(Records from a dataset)
***
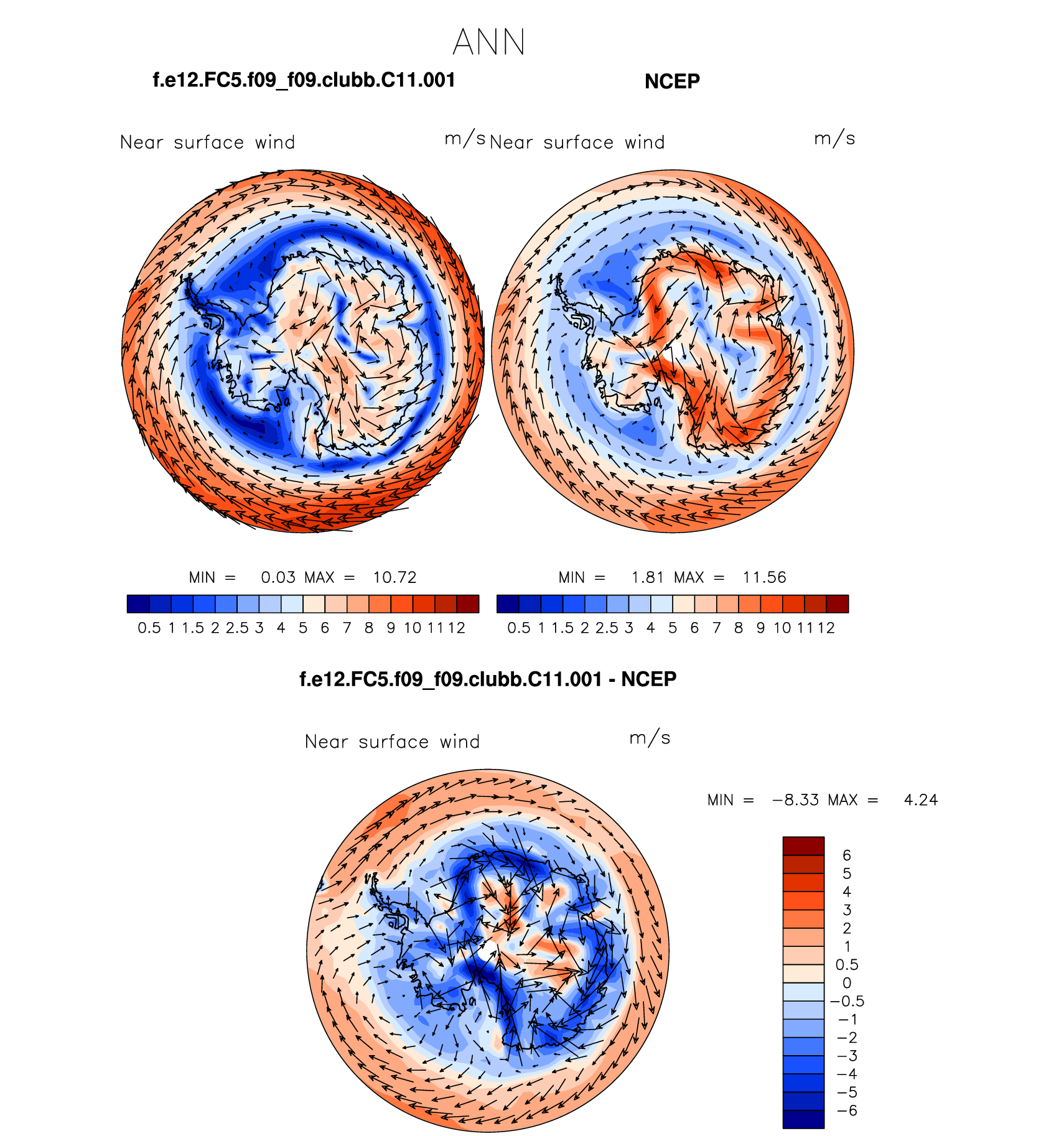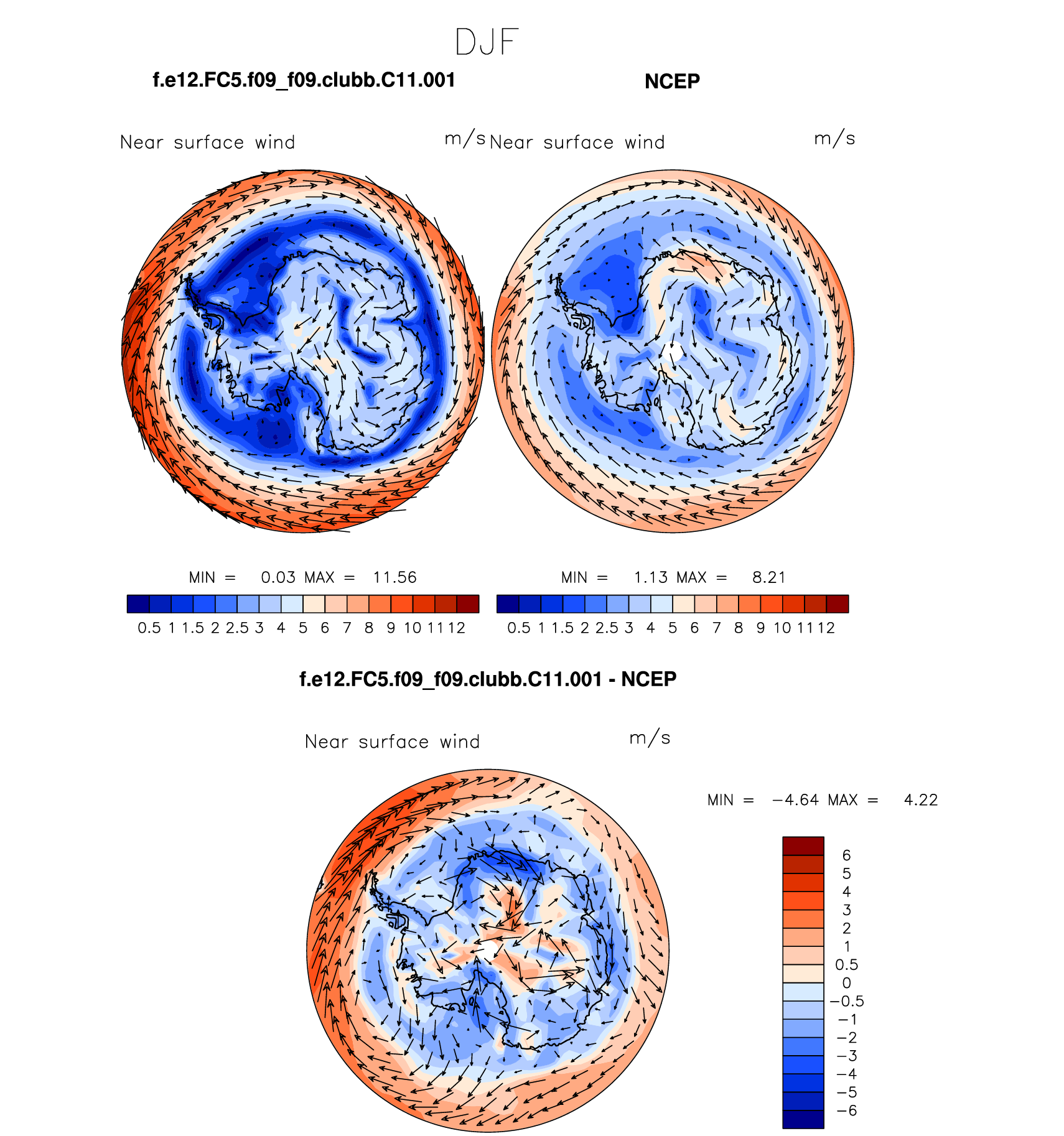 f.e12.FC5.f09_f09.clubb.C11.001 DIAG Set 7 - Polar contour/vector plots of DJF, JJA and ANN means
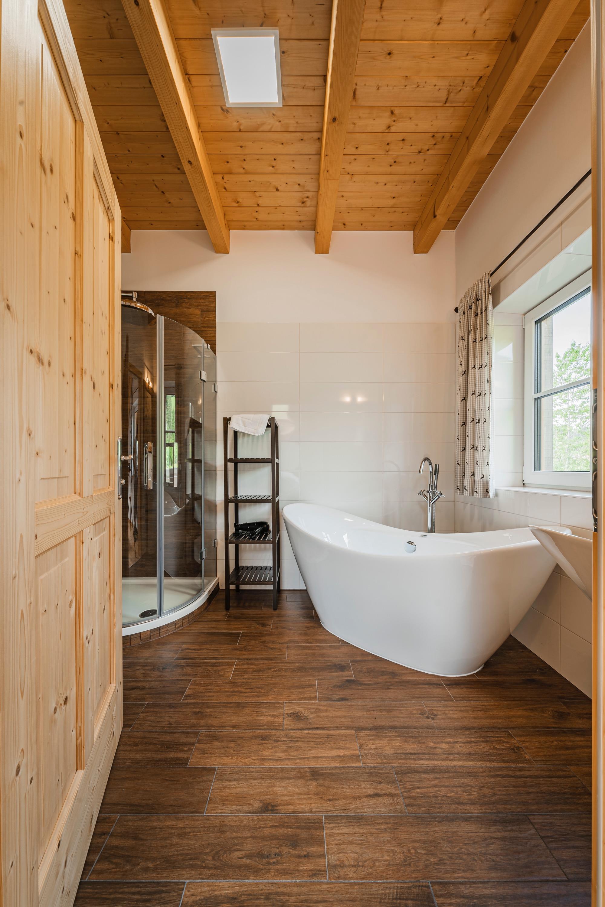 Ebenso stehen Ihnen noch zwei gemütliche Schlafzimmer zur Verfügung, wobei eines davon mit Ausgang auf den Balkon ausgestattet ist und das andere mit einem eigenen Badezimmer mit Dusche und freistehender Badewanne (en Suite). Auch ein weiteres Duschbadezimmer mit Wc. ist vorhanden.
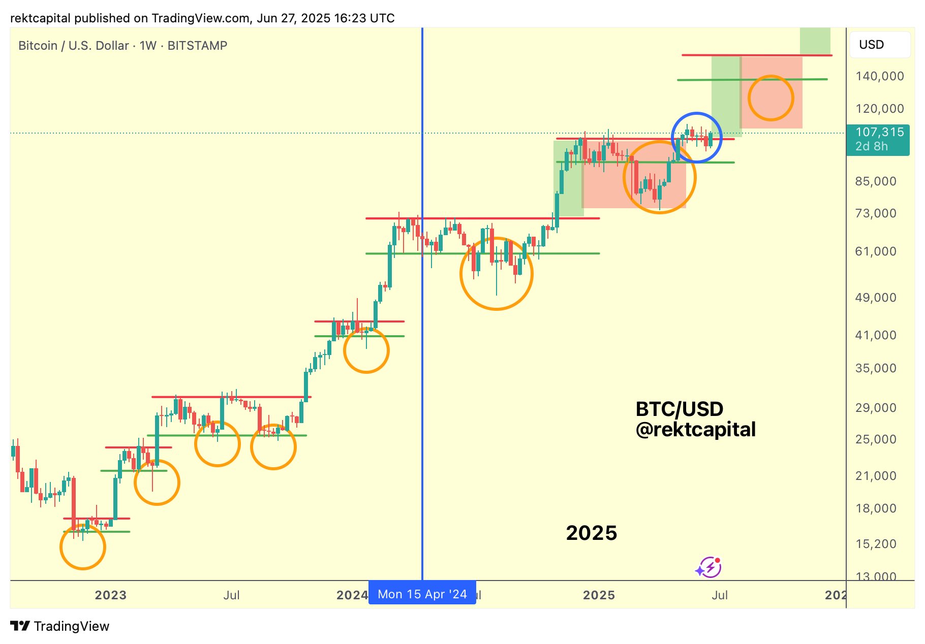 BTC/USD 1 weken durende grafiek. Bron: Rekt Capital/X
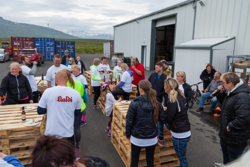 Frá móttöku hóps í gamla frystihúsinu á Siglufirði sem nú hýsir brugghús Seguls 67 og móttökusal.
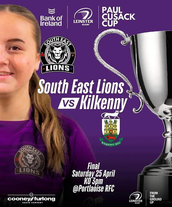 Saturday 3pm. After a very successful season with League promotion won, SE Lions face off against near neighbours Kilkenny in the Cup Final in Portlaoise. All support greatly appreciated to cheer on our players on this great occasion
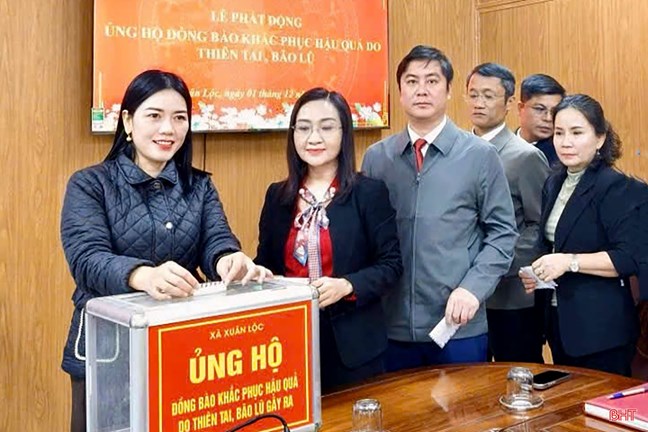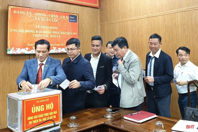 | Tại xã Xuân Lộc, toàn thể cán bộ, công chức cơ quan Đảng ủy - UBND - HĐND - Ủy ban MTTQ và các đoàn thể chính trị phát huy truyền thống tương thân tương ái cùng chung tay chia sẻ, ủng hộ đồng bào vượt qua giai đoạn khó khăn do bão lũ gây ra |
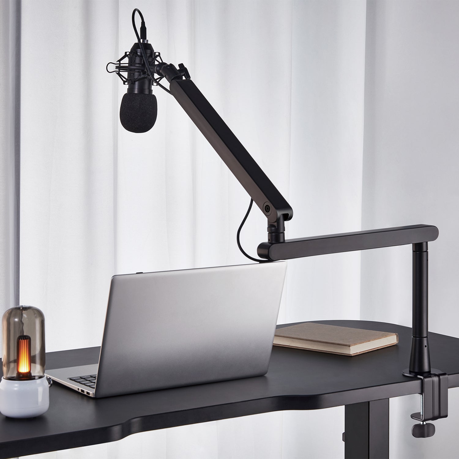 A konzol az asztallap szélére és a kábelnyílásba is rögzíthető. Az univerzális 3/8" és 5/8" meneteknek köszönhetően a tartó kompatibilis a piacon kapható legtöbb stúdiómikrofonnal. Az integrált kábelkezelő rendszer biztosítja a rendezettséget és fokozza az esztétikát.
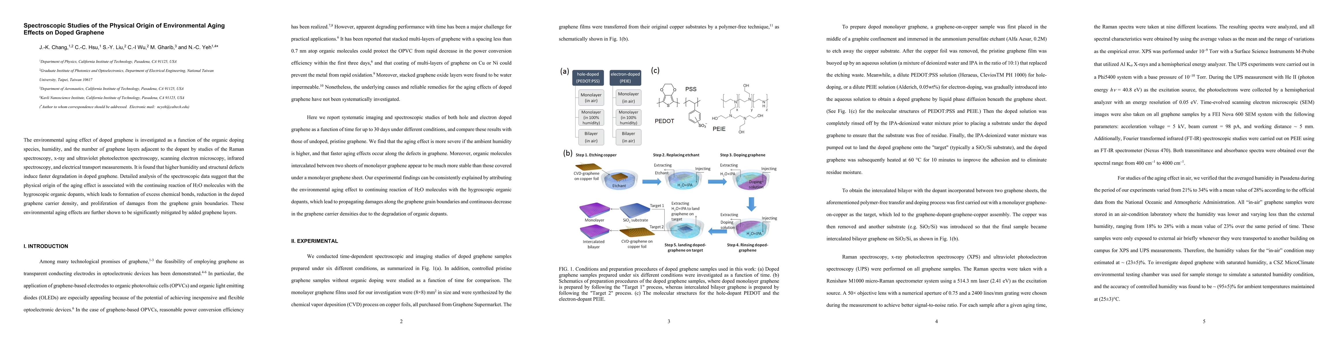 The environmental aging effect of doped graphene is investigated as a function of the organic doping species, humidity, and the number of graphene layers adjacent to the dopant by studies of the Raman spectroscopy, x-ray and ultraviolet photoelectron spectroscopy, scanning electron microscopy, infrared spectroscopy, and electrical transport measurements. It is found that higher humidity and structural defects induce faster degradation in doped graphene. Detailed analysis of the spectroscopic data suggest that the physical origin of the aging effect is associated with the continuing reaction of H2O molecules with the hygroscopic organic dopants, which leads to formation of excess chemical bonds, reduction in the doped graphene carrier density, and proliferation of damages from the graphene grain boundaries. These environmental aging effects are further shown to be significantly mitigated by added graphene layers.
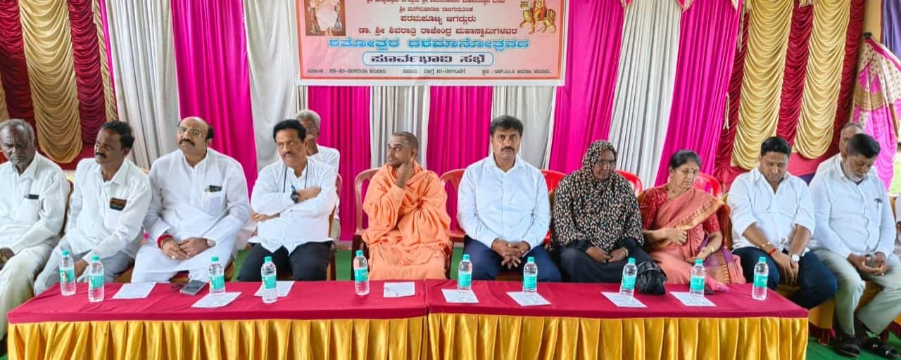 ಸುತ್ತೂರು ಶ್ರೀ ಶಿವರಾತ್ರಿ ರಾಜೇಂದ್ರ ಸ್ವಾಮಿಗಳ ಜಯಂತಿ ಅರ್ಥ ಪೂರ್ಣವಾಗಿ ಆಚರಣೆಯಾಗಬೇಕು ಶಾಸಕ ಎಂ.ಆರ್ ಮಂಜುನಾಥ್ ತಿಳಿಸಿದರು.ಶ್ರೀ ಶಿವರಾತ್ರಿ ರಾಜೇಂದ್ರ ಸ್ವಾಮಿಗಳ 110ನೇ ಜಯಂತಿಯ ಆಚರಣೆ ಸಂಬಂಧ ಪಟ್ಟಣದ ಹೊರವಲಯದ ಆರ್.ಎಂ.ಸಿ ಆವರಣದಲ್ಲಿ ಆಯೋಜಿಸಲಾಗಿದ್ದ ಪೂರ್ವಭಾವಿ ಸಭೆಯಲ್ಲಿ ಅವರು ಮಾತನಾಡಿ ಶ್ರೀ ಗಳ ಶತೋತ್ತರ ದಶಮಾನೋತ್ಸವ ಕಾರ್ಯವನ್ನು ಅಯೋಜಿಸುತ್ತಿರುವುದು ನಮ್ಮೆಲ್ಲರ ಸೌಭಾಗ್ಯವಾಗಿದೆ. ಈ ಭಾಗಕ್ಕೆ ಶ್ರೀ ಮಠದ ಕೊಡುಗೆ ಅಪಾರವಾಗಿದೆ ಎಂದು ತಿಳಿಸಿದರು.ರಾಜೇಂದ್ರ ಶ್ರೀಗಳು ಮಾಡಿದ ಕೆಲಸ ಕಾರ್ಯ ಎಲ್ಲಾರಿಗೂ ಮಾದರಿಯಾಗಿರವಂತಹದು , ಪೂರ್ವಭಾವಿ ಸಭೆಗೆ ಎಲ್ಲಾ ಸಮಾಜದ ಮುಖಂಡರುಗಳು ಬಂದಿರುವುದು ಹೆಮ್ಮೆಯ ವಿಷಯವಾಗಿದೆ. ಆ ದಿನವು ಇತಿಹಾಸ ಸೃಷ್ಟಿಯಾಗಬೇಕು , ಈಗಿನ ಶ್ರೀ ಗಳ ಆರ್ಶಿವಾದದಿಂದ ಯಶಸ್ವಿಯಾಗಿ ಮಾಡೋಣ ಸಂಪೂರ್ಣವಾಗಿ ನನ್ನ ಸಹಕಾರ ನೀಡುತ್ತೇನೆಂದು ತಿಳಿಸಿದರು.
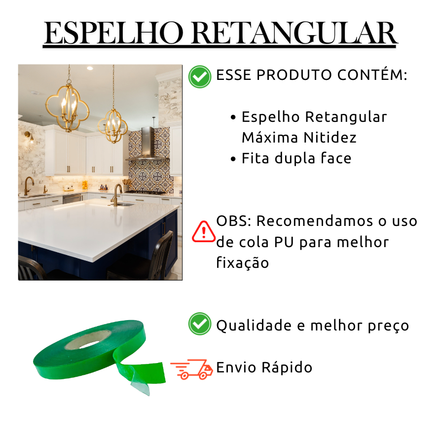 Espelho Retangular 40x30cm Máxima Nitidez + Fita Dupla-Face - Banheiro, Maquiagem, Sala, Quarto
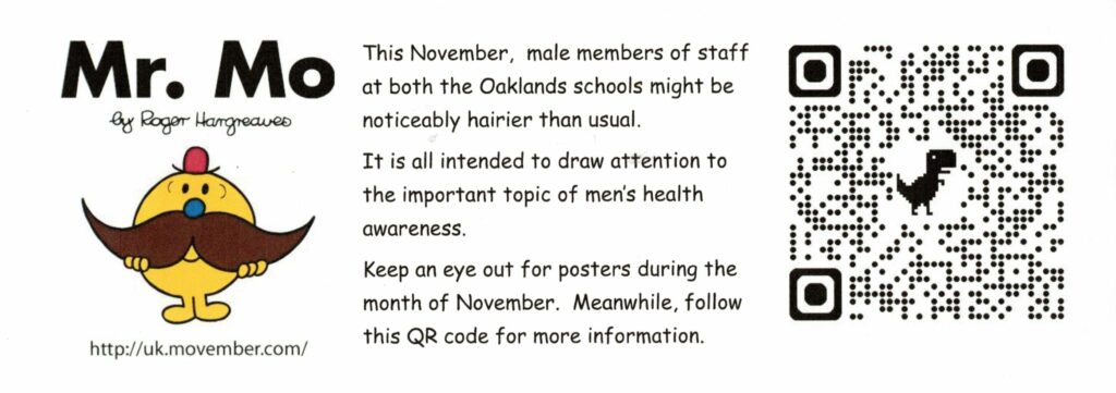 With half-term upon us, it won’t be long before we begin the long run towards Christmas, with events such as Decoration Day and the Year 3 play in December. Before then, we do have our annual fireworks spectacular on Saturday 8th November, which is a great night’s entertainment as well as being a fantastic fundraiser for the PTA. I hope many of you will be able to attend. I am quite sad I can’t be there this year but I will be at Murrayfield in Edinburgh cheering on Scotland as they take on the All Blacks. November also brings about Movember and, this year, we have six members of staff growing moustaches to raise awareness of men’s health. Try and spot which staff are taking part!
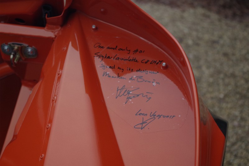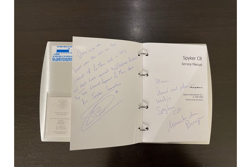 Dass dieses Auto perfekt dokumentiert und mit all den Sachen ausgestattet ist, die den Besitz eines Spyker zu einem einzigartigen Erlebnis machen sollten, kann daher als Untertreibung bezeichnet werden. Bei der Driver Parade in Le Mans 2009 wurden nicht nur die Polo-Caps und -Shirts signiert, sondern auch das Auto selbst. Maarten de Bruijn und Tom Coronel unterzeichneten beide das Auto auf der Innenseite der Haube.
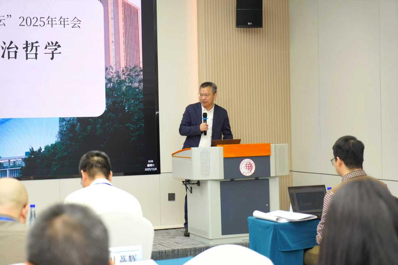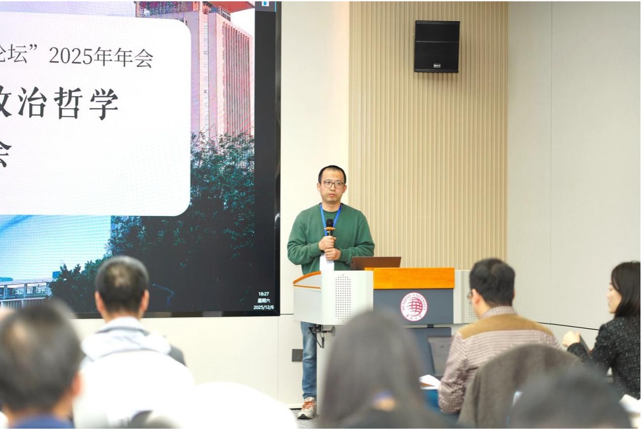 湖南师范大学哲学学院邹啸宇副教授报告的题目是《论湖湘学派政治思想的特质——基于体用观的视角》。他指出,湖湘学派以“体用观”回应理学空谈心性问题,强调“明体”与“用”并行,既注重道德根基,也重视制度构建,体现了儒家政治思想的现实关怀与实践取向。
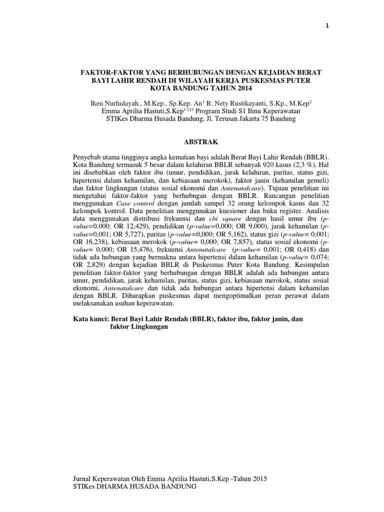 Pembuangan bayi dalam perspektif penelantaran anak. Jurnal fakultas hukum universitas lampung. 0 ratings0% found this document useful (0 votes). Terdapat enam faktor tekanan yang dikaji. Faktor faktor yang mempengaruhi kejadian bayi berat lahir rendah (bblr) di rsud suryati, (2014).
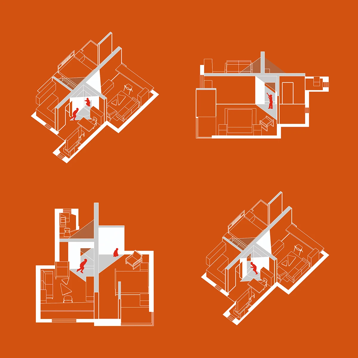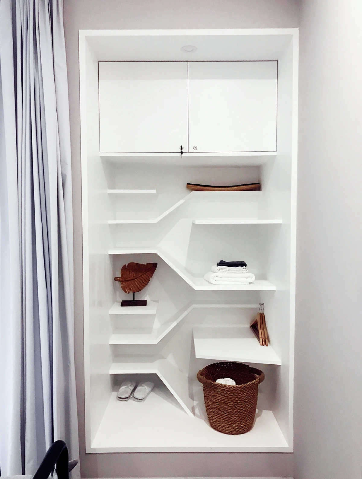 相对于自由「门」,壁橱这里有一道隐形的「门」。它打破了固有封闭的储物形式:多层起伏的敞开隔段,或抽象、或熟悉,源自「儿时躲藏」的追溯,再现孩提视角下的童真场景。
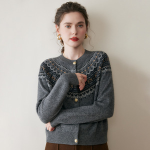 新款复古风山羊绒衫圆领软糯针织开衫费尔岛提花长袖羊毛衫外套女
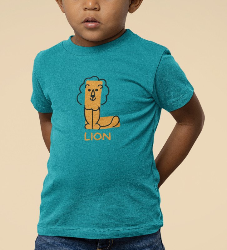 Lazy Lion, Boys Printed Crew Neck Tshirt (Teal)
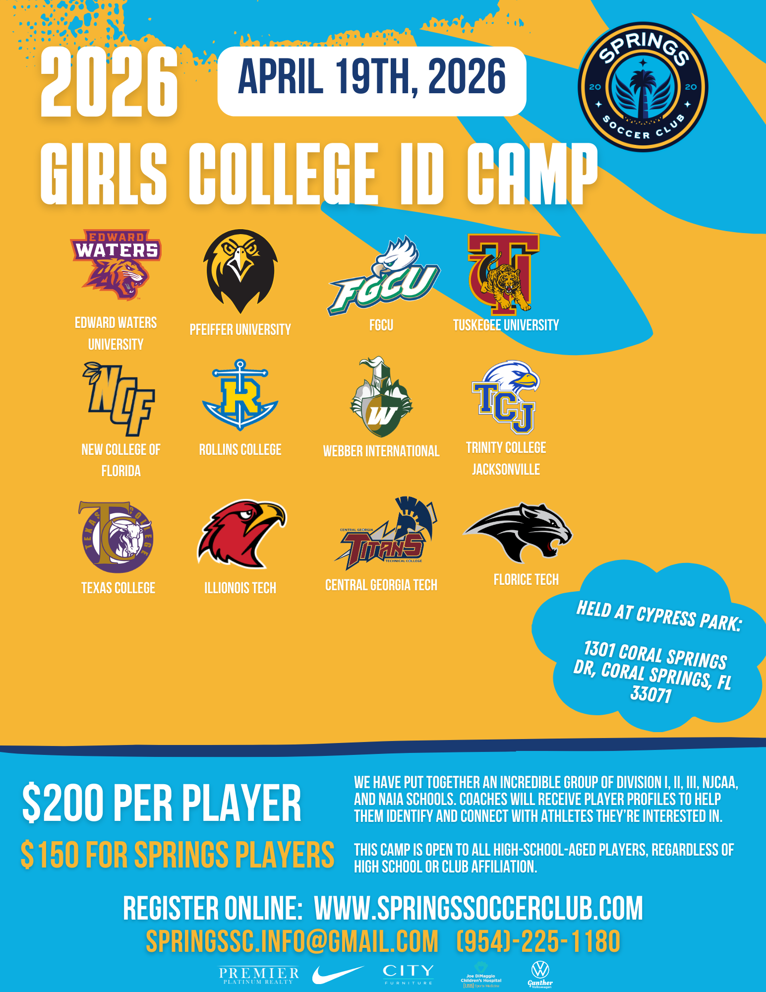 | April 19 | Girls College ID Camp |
***
Brief:
Verbatim transcription needed, from the opening line of the entries above through the line containing "Frá móttöku hóps"; pictures do not belong in it.

Task response:
 f.e12.FC5.f09_f09.clubb.C11.001 DIAG Set 7 - Polar contour/vector plots of DJF, JJA and ANN means
 Ebenso stehen Ihnen noch zwei gemütliche Schlafzimmer zur Verfügung, wobei eines davon mit Ausgang auf den Balkon ausgestattet ist und das andere mit einem eigenen Badezimmer mit Dusche und freistehender Badewanne (en Suite). Auch ein weiteres Duschbadezimmer mit Wc. ist vorhanden.
 BTC/USD 1 weken durende grafiek. Bron: Rekt Capital/X
 Frá móttöku hóps í gamla frystihúsinu á Siglufirði sem nú hýsir brugghús Seguls 67 og móttökusal.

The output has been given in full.